Welcome to Hitchens' Razor.
Let's jump straight into it. I will thank our sources in the end.
Simply put, "Liberalism was the ideology of the rising middle class, Conservatism was the ideology of the aristocracy or nobility, and Socialism was the ideology of the growing working class." writes Andrew Heywood.
In other words, the origins of these three ideologies were associated with the plight of the working class, aristocracy, and middle class; in different ways.

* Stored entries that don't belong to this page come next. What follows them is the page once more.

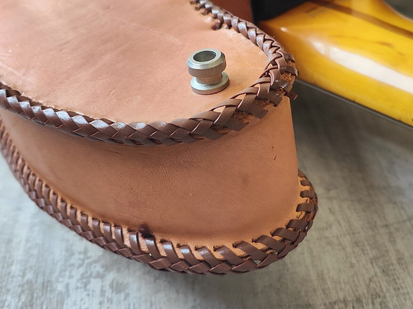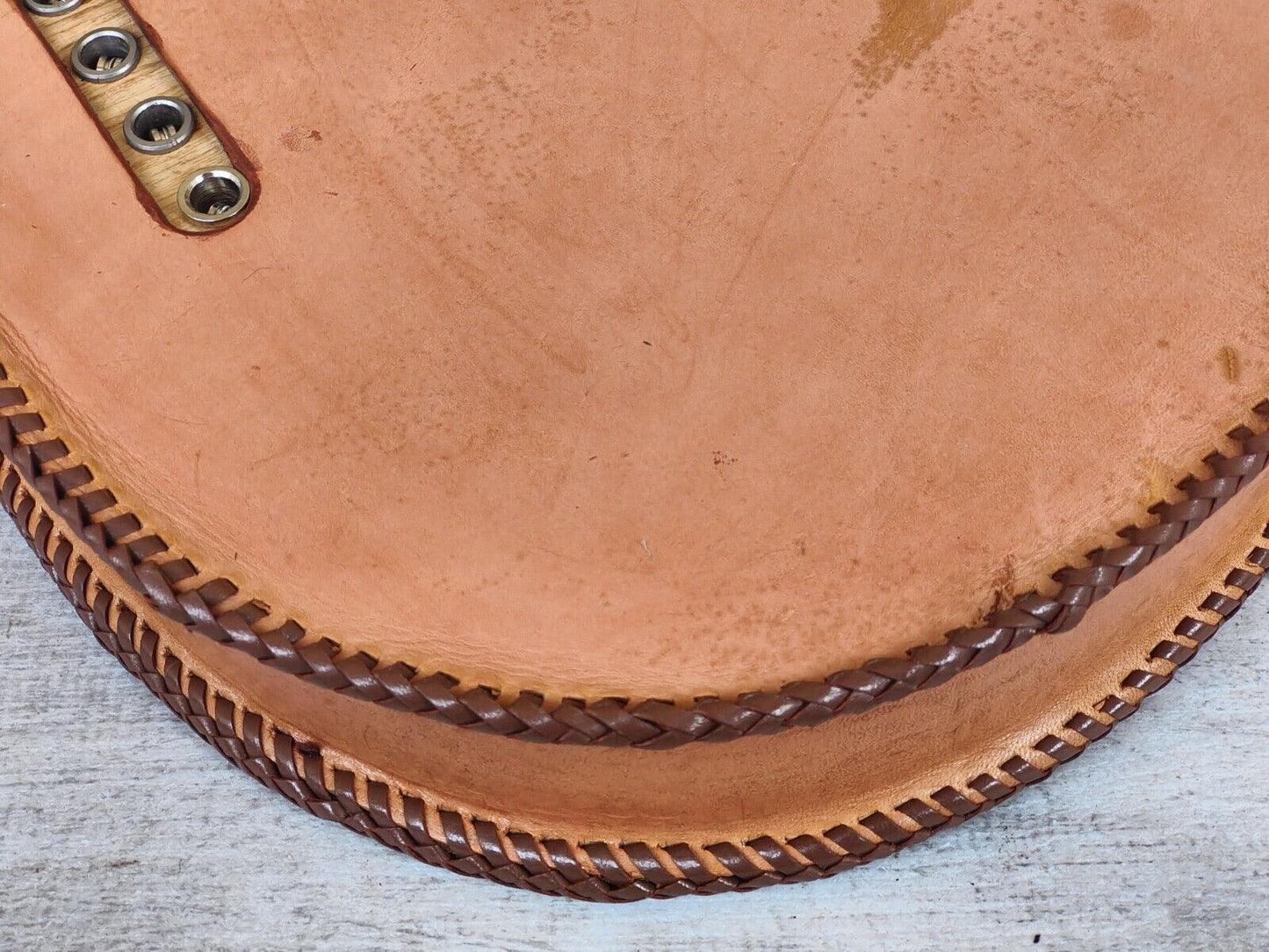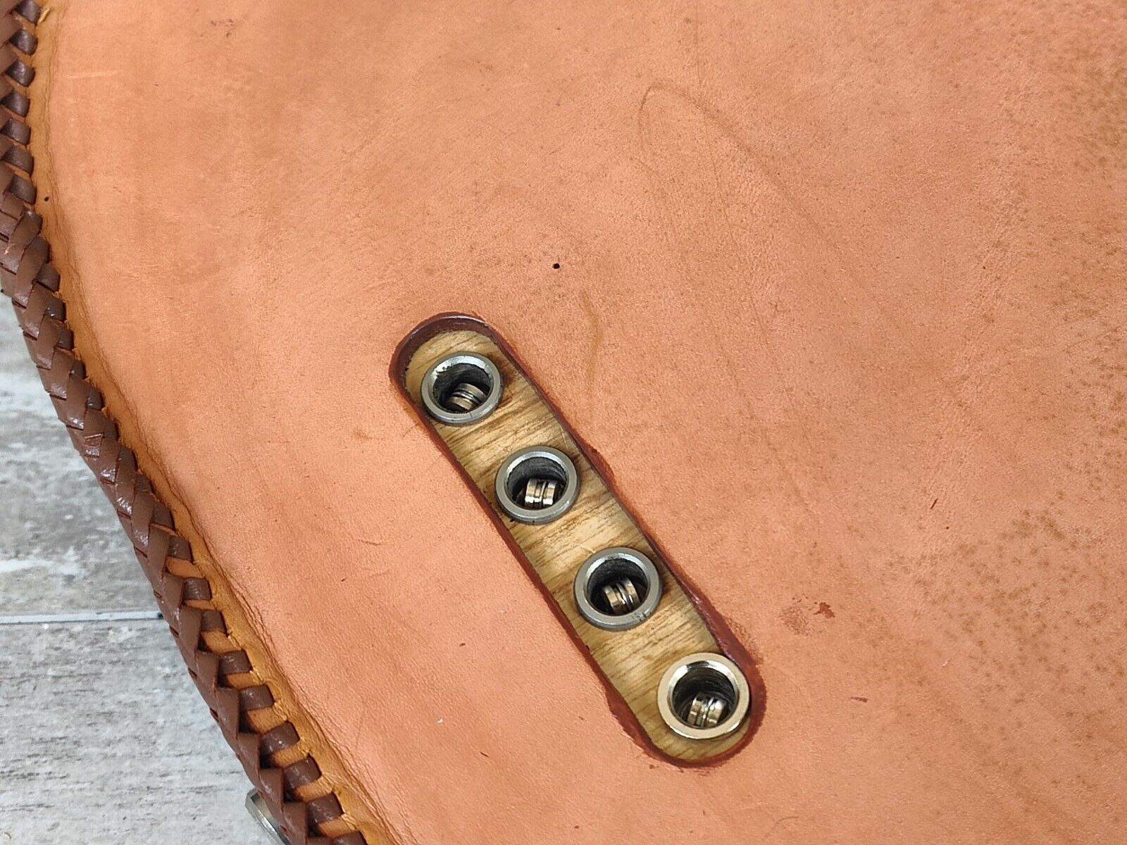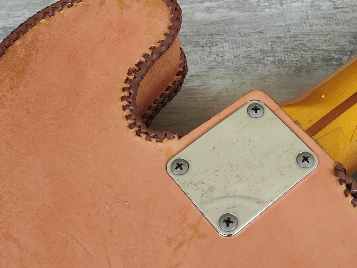 This one came to us highly modified with a custom made leather wrap on the body that's been hand crafted for this guitar and stitched around the body, so removing it isn't an option (but why would you). It's very high quality work and likely would have cost a fortune to have installed. It also had a Jazz Bass pickup professionally routed in the bridge position to compliment the original Basslines SCPB-1 and an extra pot installed so now you have volume, blend and tone knobs.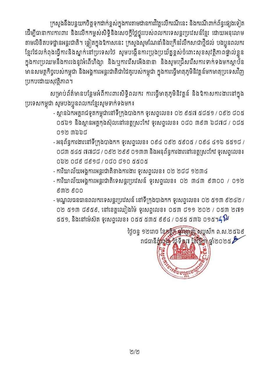 ក្រសួងនឹងបន្តយកចិត្តទុកដាក់ខ្ពស់ ក្នុងការតាមដានការវិវត្តលើករណីនេះ និងករណីពាក់ព័ន្ធផ្សេងទៀត ដើម្បីធានាការការពារ និងលើកកម្ពស់សិទ្ធិនិងសេចក្ដីថ្លៃថ្នូររបស់ពលករទេសន្តរប្រវេសន៍ខ្មែរ ដោយអនុលោមតាមលិខិតបទដ្ឋានអន្តរជាតិ ។ ឆ្លៀតក្នុងឱកាសនេះ ក្រសួងសូមណែនាំនិងក្រើនរំលឹកសាជាថ្មីដល់ បងប្អូនពលករខ្មែរដែលកំពុងធ្វើការ និងស្នាក់នៅប្រទេសថៃ សូមបង្កើនការប្រុងប្រយ័ត្នខ្ពស់ចំពោះសុខសុវត្ថិភាពផ្ទាល់ខ្លួនក្នុងការប្រឈមនឹងការរងនូវអំពើហិង្សា និង/ឬការរើសអើងនានា និងសូមជ្រើសរើសការទាក់ទងមកស្ថាប័នមានសមត្ថកិច្ចរបស់កម្ពុជា និងអង្គការអន្តរជាតិជាដៃគូរបស់កម្ពុជា ក្នុងការធ្វើមាតុភូមិនិវត្តន៍មកមាតុប្រទេសវិញប្រកបដោយសុវត្ថិភាព។ នេះបើយោងតាមសេចក្តីថ្លែងការណ៍ដដែល ៕ អត្ថបទសហការ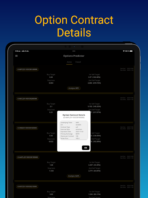 Options Predictor is a powerful tool for options traders of all experience levels. Our app uses AI-powered algorithms to scan through thousands of options contracts from American markets each day to identify those with the highest potential for short-term price increases.
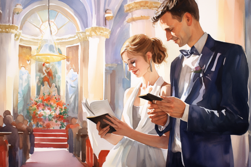 comic watercolours, Wedding ceremony in the church, view over the priest's shoulder, a festively dressed wedding couple, both holding a smartphone, --v 5.2 --ar 3:2

Let's begin with an anecdote about the origin of the terms 'left', and 'right'. Do you remember the rendezvous of the Estates-General at the start of French Revolution? When they gathered, the representatives who sought fundamental changes to the functioning of the country sat on the left side of the presiding officer, and the representatives who wanted to preserve the status quo sat on the right side. In simple terms - on the left were those who wanted change, and on right were those who resisted it.
The following centuries after the revolution saw this left-right divide traversing far and wide in space; and it still continues to divide the room. An ideological watermark has been ever since impressed on all macro global events and micro coffee shop chats. What changed was the shape of the spectrum. Originally started as a straight line this eventually been bent by extreme ideas and actions. It is now best visualised as a horse-shoe spectrum of ideologies. The extreme right and extreme left ideologies are reflected on a convex mirror where their motives and actions seem closer than they appear. They are hence within a within a kissing distance, and is dangerous.
So, how do we begin to fathom this theory?
Perhaps with the earliest political and ideological duel between Edmund Burke and Thomas Paine!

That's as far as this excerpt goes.